What’s Next for Scott?
Perhaps the biggest question remaining with Scott’s philanthropy is how much bigger it will get.
As impressive a figure as $1.7 billion is, as a percentage of her fortune, it is well under the 5% threshold that allows foundations to exist comfortably in perpetuity (as an unincorporated donor, Scott sets her own rate of giving). If Scott is going to “keep at it until the safe is empty,” as she wrote in her announcement, she’s going to have to give a whole lot more. Even if she doubled her annual giving, it would still take her nearly 18 years—until she’s 78—to give away everything.
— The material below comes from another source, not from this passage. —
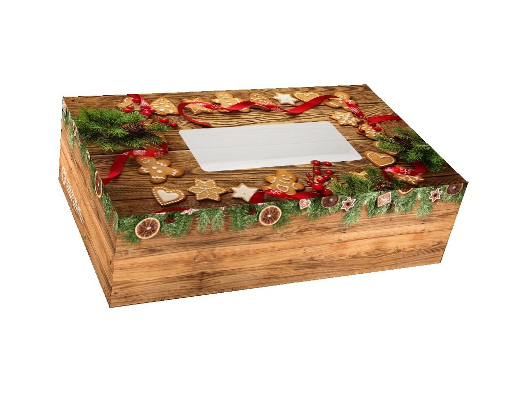 Papírová krabička s průhledným okénkem na cukroví s vánočním motivem.

But that almost certainly won’t keep pace with the growth of her assets, which have grown from $38 billion at the time of her divorce a year ago to nearly $61 billion today.
In fact, a recent study from the left-leaning Institute of Policy Studies found that’s the common reality among the super-rich. Many of the billionaires who signed the Giving Pledge a decade ago have seen their wealth nearly double since then, to a collective $734 billion, the study found. A few are giving away massive sums, but most are getting richer even faster.
As temperatures rise, storms worsen, crop yields fall, and habitats change, many hope a large chunk of that wealth will go toward preventing a wholesale collapse of our planet.
“In terms of how much money can you pour into the climate change problem, there’s no real answer to that,” said Tom Brookes, communications director for ECF.
That makes for an intimidating challenge for a brand new philanthropist with a fortune to give away, but MacKenzie Scott is demonstrating that she’s no ordinary philanthropist. Let’s hope that, as her giving continues, her climate funding goes beyond the mainstream, just as she has in other arenas.